Lorsqu’ils ont des enfants (de seconde génération), les parents immigrés (de première génération) les « fabriquent à la mode de chez eux » et leurs transmettent, plus ou moins complètement, leurs mondes. Vu la robustesse des modes de fabrication, cela vaut aussi pour les enfants des troisièmes, quatrièmes (et ainsi de suite) générations (avec cependant un délitement progressif de la transmission, et en conséquence une fragilité des appartenances et un risque de repli ou des transferts vers d’autres appartenances). De ce fait, ils restent d’une certaine façon, et quelle que soit leur adaptation à la société d’accueil et leur nationalité, des étrangers, c’est-à-dire qu’ils portent en eux une partie des mondes constitués par le dépôt de leurs ancêtres, l’héritage de leur intelligence collective (dont les mots « cultures », « coutumes » et « traditions » ne rendent que partiellement compte). Il y a bien sûr des hybridations, des articulations entre fondamentaux culturels de divers horizons, des adaptations aux exigences du monde d’accueil.

Des « fondamentaux culturels » robustes

Mais les fondamentaux perdurent et les héritiers des mondes lointains restent donc « étrangers » sur de nombreuses générations. Les « autochtones », ceux dont la mémoire des migrations des ancêtres est si lointaine qu’elle s’est perdue, ont donc intérêt à leur offrir l’hospitalité, à les constituer en ambassadeurs de ces mondes qu’ils ont à découvrir et dont ils ont à apprendre. Simultanément, ils feront valoir les exigences de leur propre monde et les obligations qui y sont attachées. Et réciproquement, les porteurs de mondes étrangers leur offriront l’hospitalité, en apprendront d’eux et s’adapteront à leur monde. Ainsi, une négociation pourra s’instaurer, avec les concessions et aménagements qu’elle requiert de part et d’autre, ou réalisant des agencements nouveaux dont chacun bénéficie, dans le meilleur des cas, sans concession à faire. Les hospitalités mutuelles deviennent alors des espaces de diplomatie entre les mondes, instaurant un monde commun dont l’hétérogénéité sera soigneusement cultivée, pour « fabriquer des choses nouvelles dans notre société » (Nathan, 2022).

Ce qui vient d’être dit implique un souci de cultiver les différences à travers le temps, de prendre soin des fondamentaux culturels, d’assurer la transmission la plus complète possible, de préserver la mémoire, à l’inverse de l’intégration telle qu’habituellement conçue, où les spécificités finissent par disparaître au fil des générations.
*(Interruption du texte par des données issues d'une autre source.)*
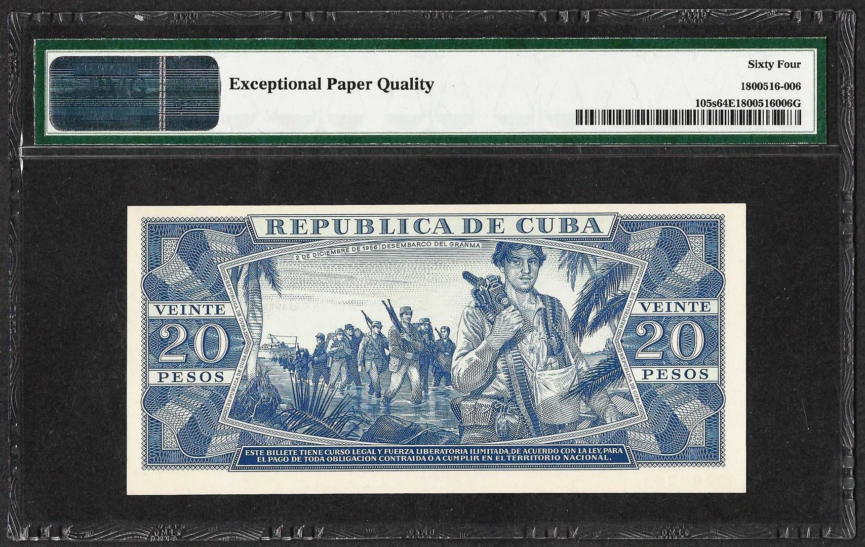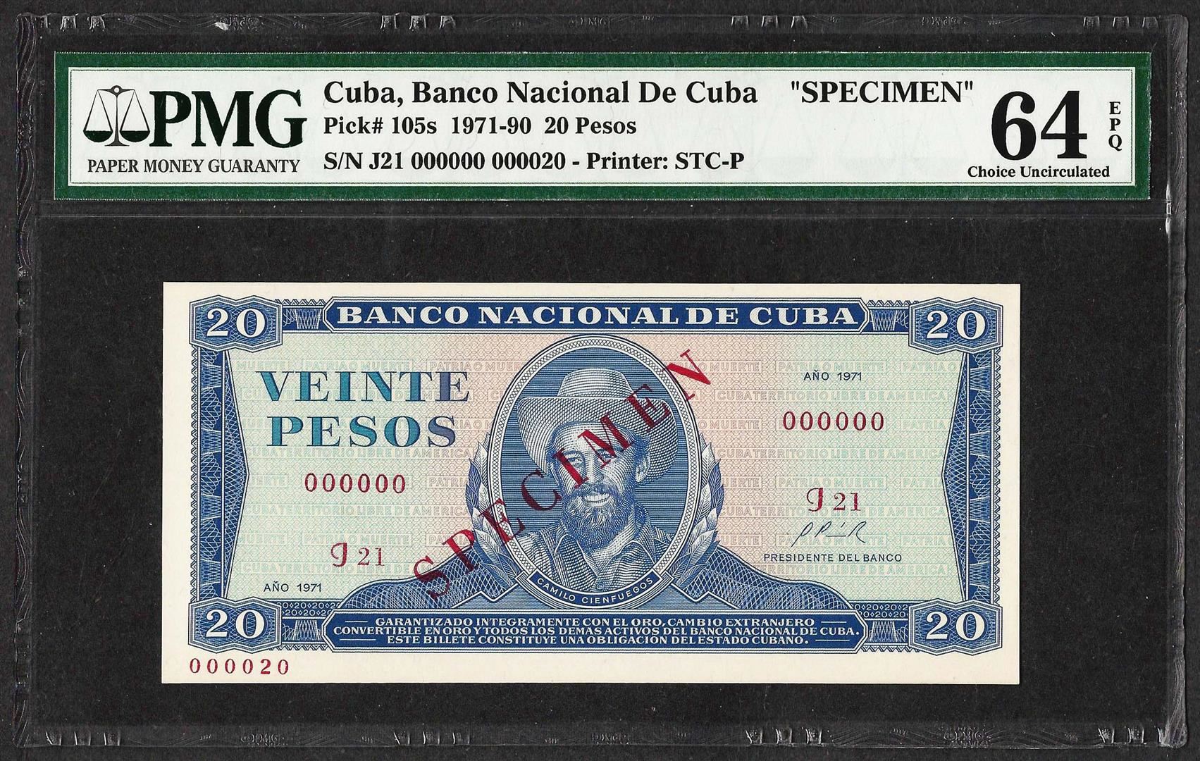 One 1971 Cuba 20 Pesos National Bank of Cuba Specimen Note PMG Choice Uncirculated 64EPQ. PMG Certified.
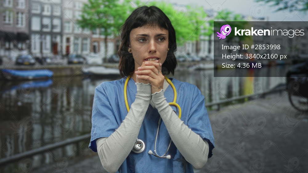 Woman in blue scrubs with yellow stethoscope stands holding clasped hands near chest on street; anxiety.
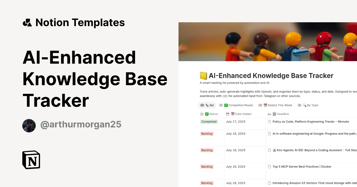 AI Enhanced Knowledge Base Tracker Template by arthurmorgan25 Notion
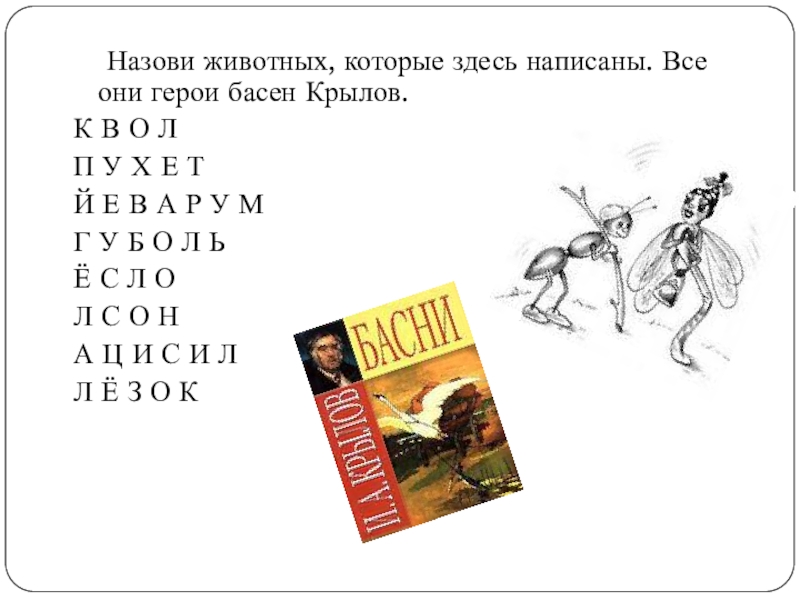 Назови животных, которые здесь написаны. Все они герои басен Крылов.К В О ЛП У Х
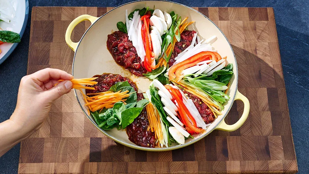 V hrnci rozehřejte Kikkoman Sezamový olej. Marinované maso rozdělte na pět porcí a rozložte je do kruhu, mezi jednotlivými porcemi nechte mezery. Do těchto mezer rovnoměrně rozložte zeleninu, aby vznikl kruhový vzor kde se střídají maso a zelenina.
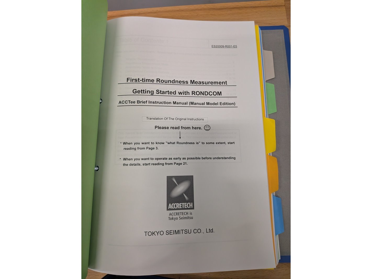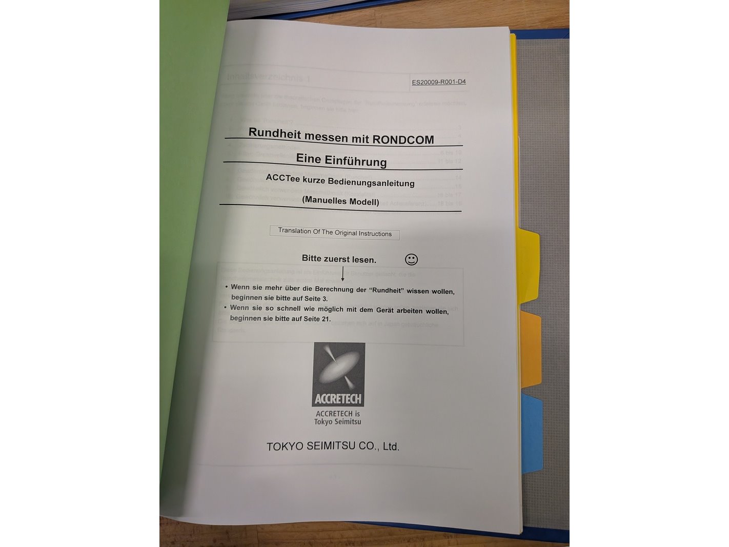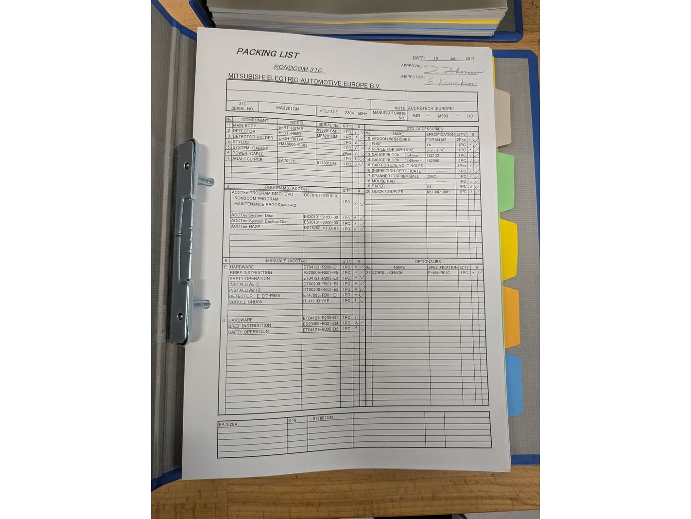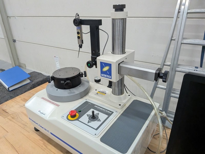 Merk: Tokyo Seimitsu Product: Rondheidsmeetinstrument met divers toebehoren BouwJaar: 2017 Specificaties: "RONDCOM 31C is een precisie‑meetmachine voor vorm- en rondheidsmetingen. Het wordt gebruikt gebruikt voor kwaliteitscontrole en metrologie van precisie‑onderdelen, vooral in een QA‑lab of productieomgeving. Typische metingen: Rondheid (Roundness) Excentriciteit Concentriciteit Coaxialiteit Radiale slingering (run‑out)" 230V, serienummer MA3201GM exclusief werkbank
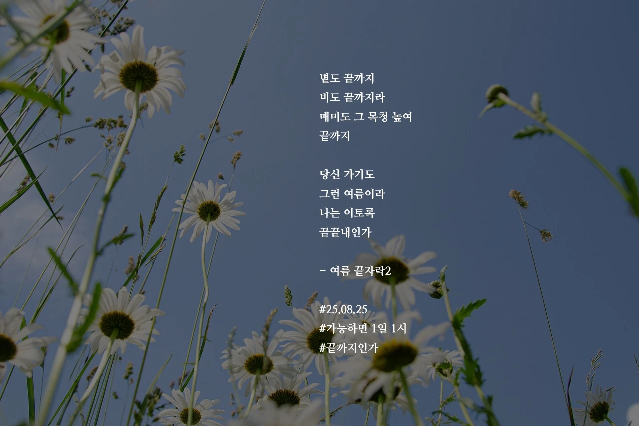볕도 끝까지비도 끝까지라매미도 그 목청 높여끝까지당신 가기도그런 여름이라나는 이토록끝끝내인가- 여름 끝자락2#25.08.25#가능하면 1일 1시#끝까지인가
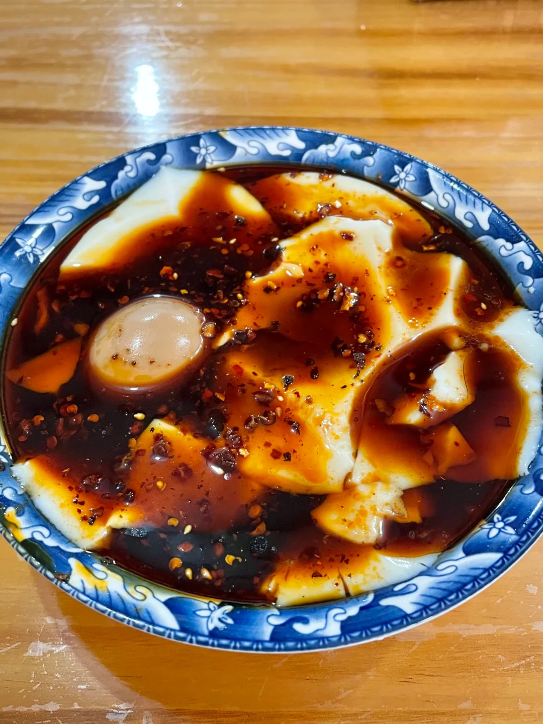 Nếu người miền Nam có tàu hũ nước đường thanh mát, người miền Bắc có tào phớ chan nước gừng, thì người Liêu Thành có món "đậu phụ nẹp tre" mặn mà, đầy khí chất đường phố. Đây là món ăn sáng mang tính biểu tượng của khu phố Đông Quan. Đậu nành bản địa được ngâm nấu cùng nguồn nước hồ Đông Xương, điểm bằng thứ nước lựu lâu năm thay vì dùng thạch cao, ủ ròng rã 8 tiếng để tạo ra những tảng đậu thơm lừng, thanh khiết.
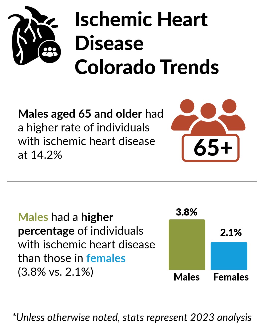 Ischemic Heart Disease is heart damage caused by narrowed heart arteries. This is also called coronary artery disease and coronary heart disease. When arteries narrow, less blood and oxygen reach the heart muscle. This can lead to heart attack. From 2017–2023, the share CO APCD members with ischemic heart disease increased slightly from 2.8% to 2.9%. Males had a higher rate of individuals with ischemic heart disease at 3.8% compared to females at 2.1%. Older males 65 years of age and up had the highest at 14.2%, down from 15.8% in 2017. This is similar among rural and urban communities.
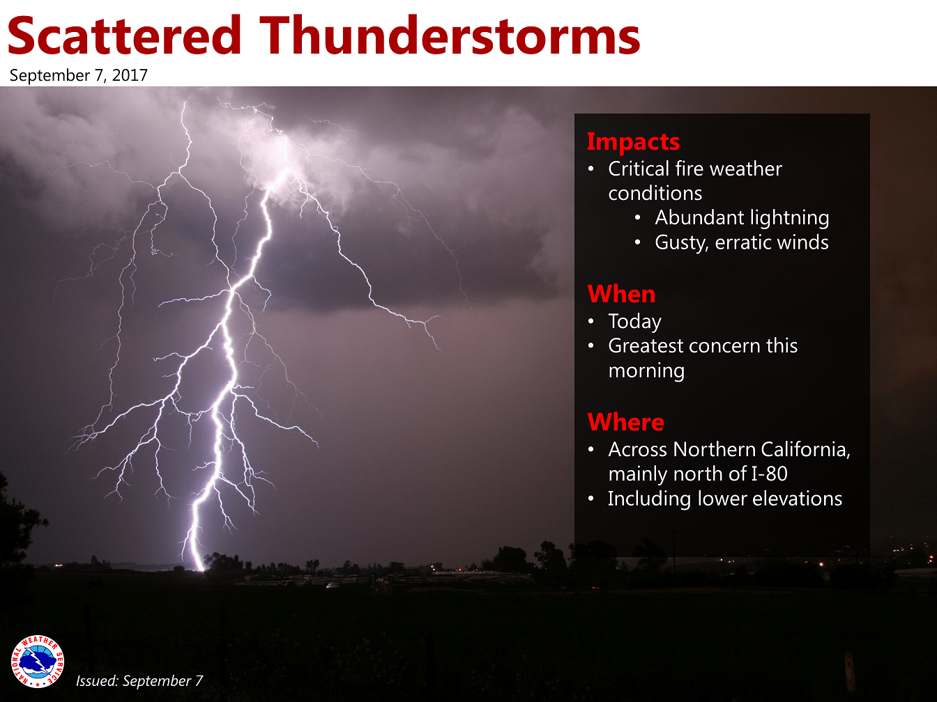 Thunderstorm development began around 3 am this morning, primarily in Tehama and Glenn counties. The lines of thunderstorms are moving northwest and extend from the I-5 corridor towards the coastal range. Brief heavy downpours, small hail, gusty winds, and lightning are all possible with these storms. If you hear thunder, stay sheltered.
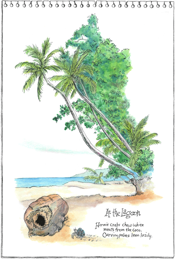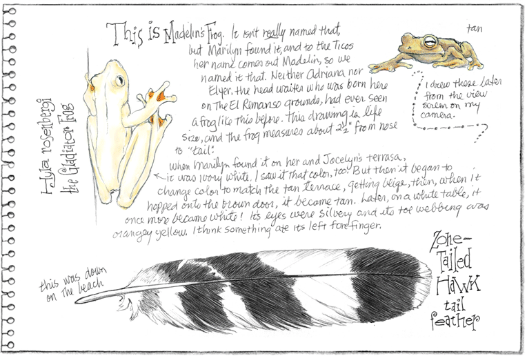 The journal and sketches celebrate the jungle, the leaf-cutter ants, huge-billed toucans, skittery lizards, raucous parrots and macaws, chameleon frogs, turtle-egg-thieving coatis, and
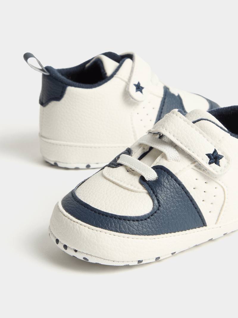 Introducing the Jet Infant Boys Navy and White Court Sneakers! These stylish sneakers feature a classic navy and white color combination, perfect for any outfit.

Car ces enfants aux ancêtres de mondes lointains rencontrent aussi les mondes où ils vivent, et apprennent d’eux, ils appartiennent du coup à plusieurs mondes. Pour construire un monde commun, mieux vaut des appartenances solides en apprentissage mutuel que des appartenances parcellaires en tension entre elles. « Intégrer » signifie alors une prise en compte mutuelle, une réciprocité dans la transformation.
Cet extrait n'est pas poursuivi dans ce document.